Despite boisterous boasting by several German brands about modular architecture in future vehicles, Toyota remained relatively quiet on the subject.
More than a year ago, the brand announced it’s “Toyota New Global Architecture” (TNGA). Just like Mercedes, BMW and Audi, the modular system will offer a streamlined and simplified production process that will ease new product development. Toyota President Akio Toyoda said that one of the goals in using TNGA will be to exceed building 10 million vehicles annually. It isn’t clear if that figure includes Lexus and Scion or only Toyota.
“No company in this industry has ever exceeded 10 million units, but we would like to achieve that level,” Toyoda told Automotive News. “And the means that we can use” to get there, he said, “is TNGA.”
Reaching that goal would be a big deal for Toyota; a brand hampered by global recalls, natural disasters, a poor economy and the rising yen.
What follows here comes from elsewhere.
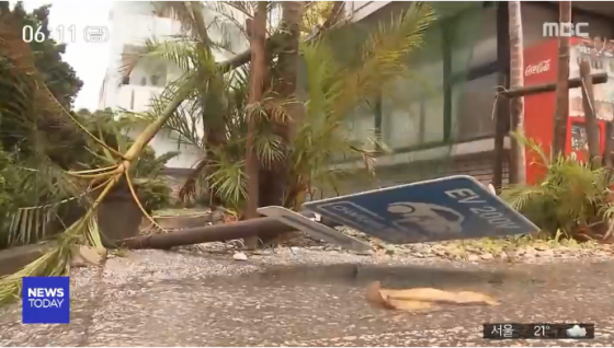 주차되어 있던 자동차가 뒤집혀 날아가고, 도로에는 가로수와 표지판이 뿌리 뽑혀 나뒹구는 피해가 속출했다.
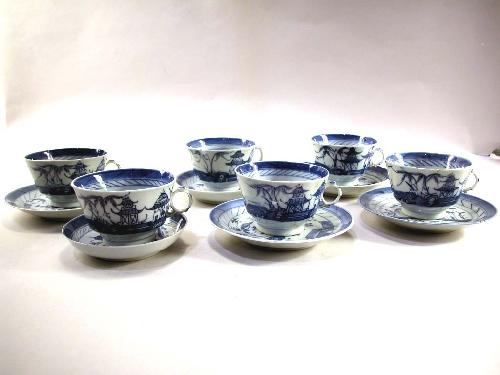 A GROUP OF SIX CHINESE EXPORT PORCELAIN TEA CUPS AND SAUCERS; Canton pattern, (together by association, losses)

TNGA will first be applied to three front-wheel drive vehicle platforms that will account for roughly half of Toyota’s volume.
That could prove to be a dangerous move for the brand. According to Automotive News, Toyota will also now use more components made to global standards rather than its own. While that will open the automaker to sourcing parts from major global producers to save cost, it could also have serious ramifications.
The brand expects production to be between 20 and 30 percent more efficient when those cars reach production. At that point, the cars are expected to share between 20 and 30 percent of their parts, although that commonality will balloon to between 70 and 80 percent once TNGA is in full swing.
Toyota’s reputation is built on reliability and leaning on big global parts makers could compromise that. If Toyota reaches its 10 million unit goal, that would mean roughly five million units riding on TNGA. That translates to anywhere from 3.5 to 5 million vehicles with common parts that could fall under a massive recall in one expensive mistake.
There haven’t been any officially announced nameplates associated with the new architecture, but Japanese newspaper Nikkei said the next-generation Prius will be included.
News about the future products can’t be terribly distant because Toyota said last month during a briefing that the first TNGA cars will debut in 2015.